Nevertheless, the State argues that, even under the strictest standard of review, the disclosure requirement in 3599.09(A) is justified by two important and legitimate state interests. Ohio judges its interest in preventing fraudulent and libelous statements and its interest in providing the electorate with relevant information to be sufficiently compelling to justify the anonymous speech ban. These two interests necessarily overlap to some extent, but it is useful to discuss them separately.
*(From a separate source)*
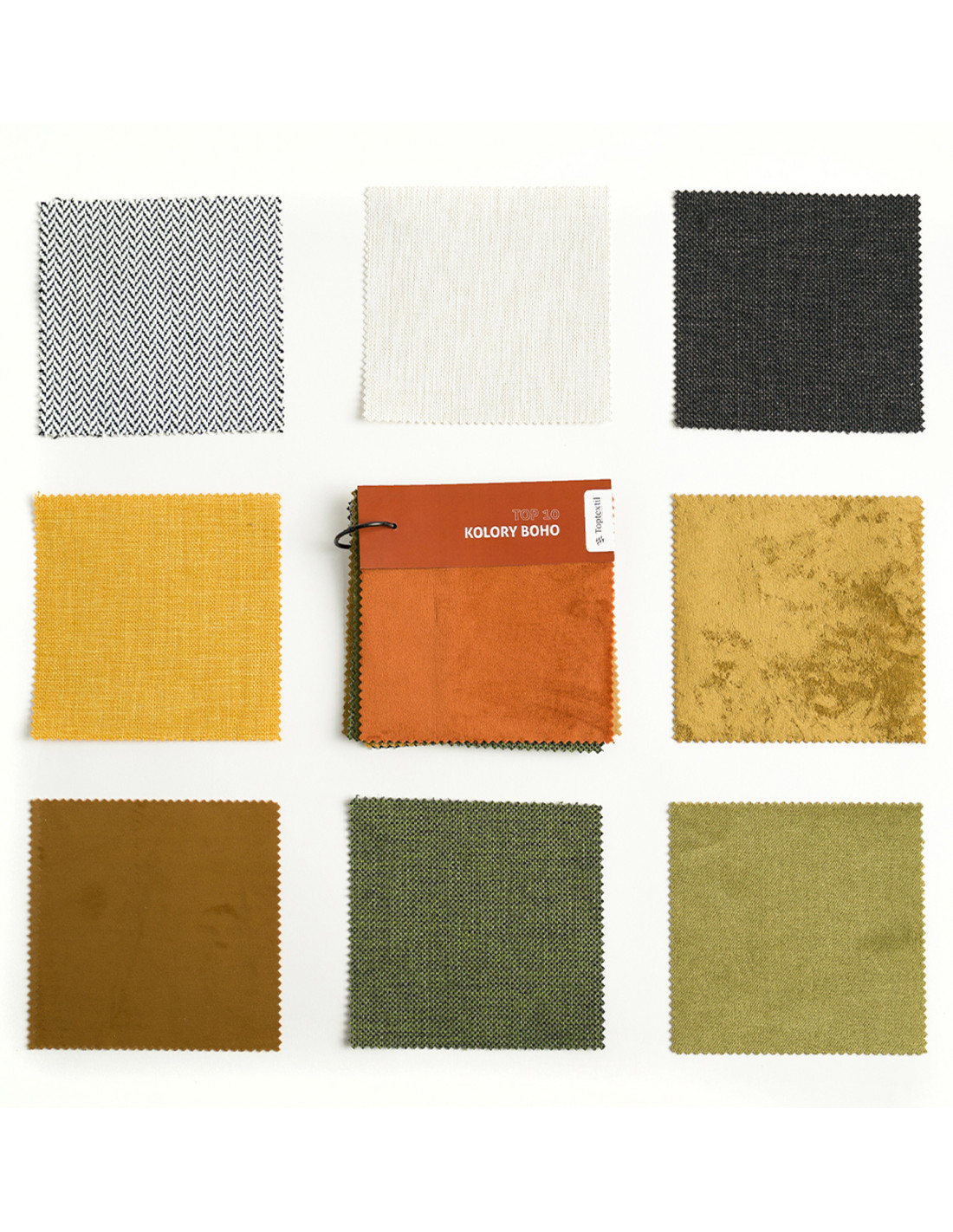 Zestaw próbek TOP10 boho został stworzony przez firmę Toptextil. Zestaw został przemyślany i wybrane są w nim najlepsze tkaniny w odcieniach boho. W skład zestawu wchodzą próbki tkanin o wymiarach 15x15 cm (większe o 5 cm od standardowych próbek).
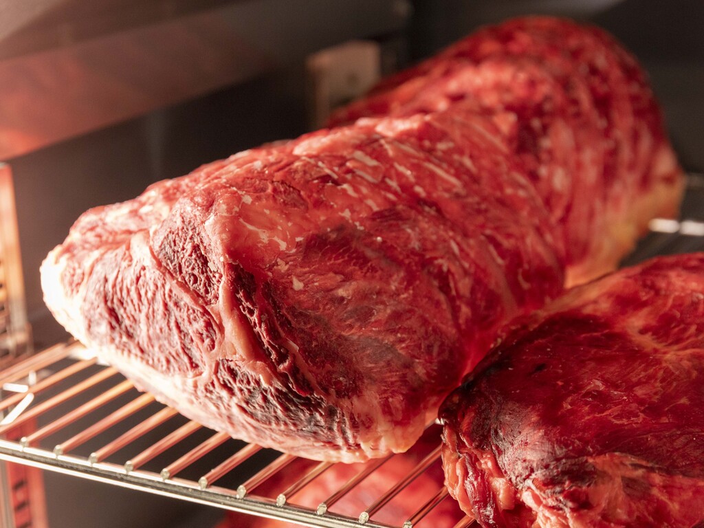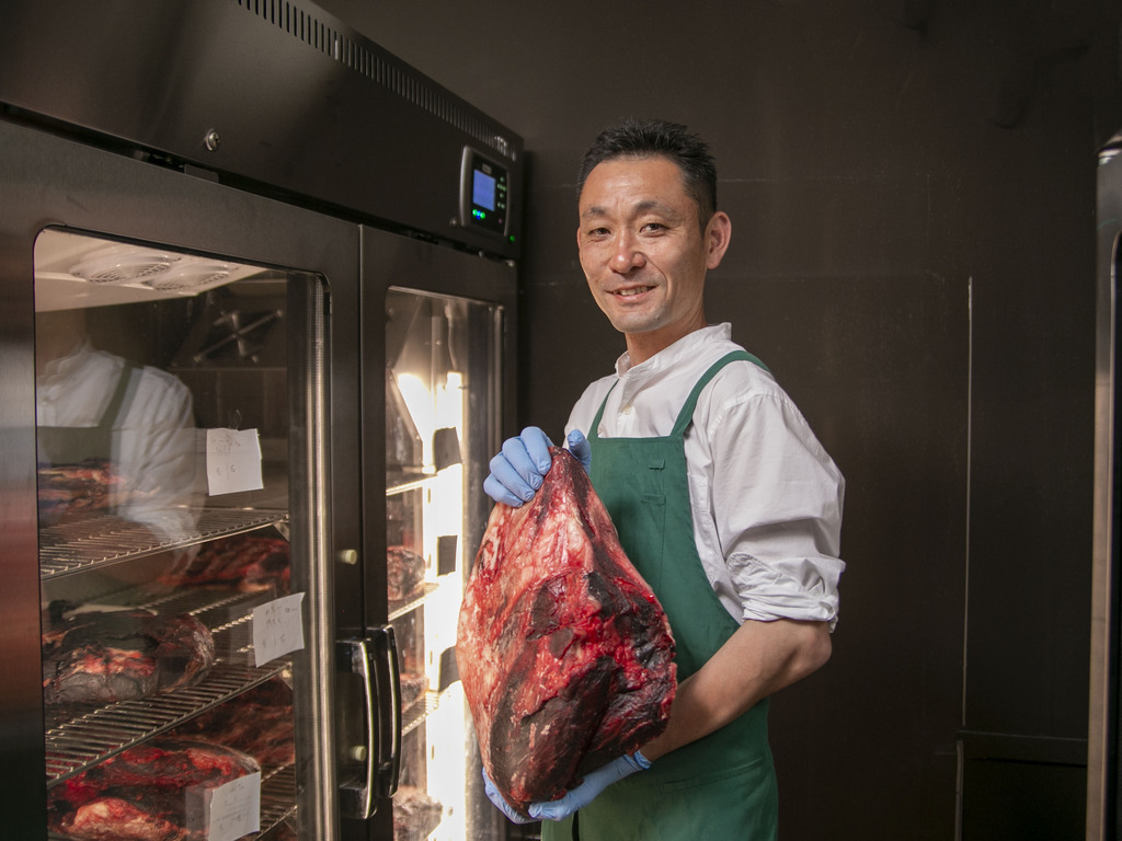 当たり前のことですが、そうして自然に育った牛には個体差があります。 体型も、体質も、牛それぞれです。 命を頂いた後のお肉は、経験豊富なスタッフがその一頭一頭の特徴と向き合いながら、より美味くするため、心を込めて熟成していきます。

Insofar as the interest in informing the electorate means nothing more than the provision of additional information that may either buttress or undermine the argument in a document, we think the identity of the speaker is no different from other components of the document's content that the author is free to include or exclude.11 We have already held that the State may not compel a newspaper that prints editorials critical of a particular candidate to provide space for a reply by the candidate. Miami Herald Publishing Co. v. Tornillo, 418 U. S. 241 (1974). The simple interest in providing voters with additional relevant information does not justify a state requirement that a writer make statements or disclosures she would otherwise omit. Moreover, in the case of a handbill written by a private citizen who is not known to the recipient, the name and address of the author add little, if anything, to the reader's ability to evaluate the

11 "Of course, the identity of the source is helpful in evaluating ideas. But 'the best test of truth is the power of the thought to get itself accepted in the competition of the market' (Abrams v. United States, [250 U. S. 616, 630 (1919) (Holmes, J., dissenting)]). Don't underestimate the common man. People are intelligent enough to evaluate the source of an anonymous writing. They can see it is anonymous. They know it is anonymous. They can evaluate its anonymity along with its message, as long as they are permitted, as they must be, to read that message. And then, once they have done so, it is for them to decide what is 'responsible', what is valuable, and what is truth." New York v. Duryea, 76 Misc. 2d 948, 966-967, 351 N. Y. S. 2d 978, 996 (1974) (striking down similar New York statute as overbroad).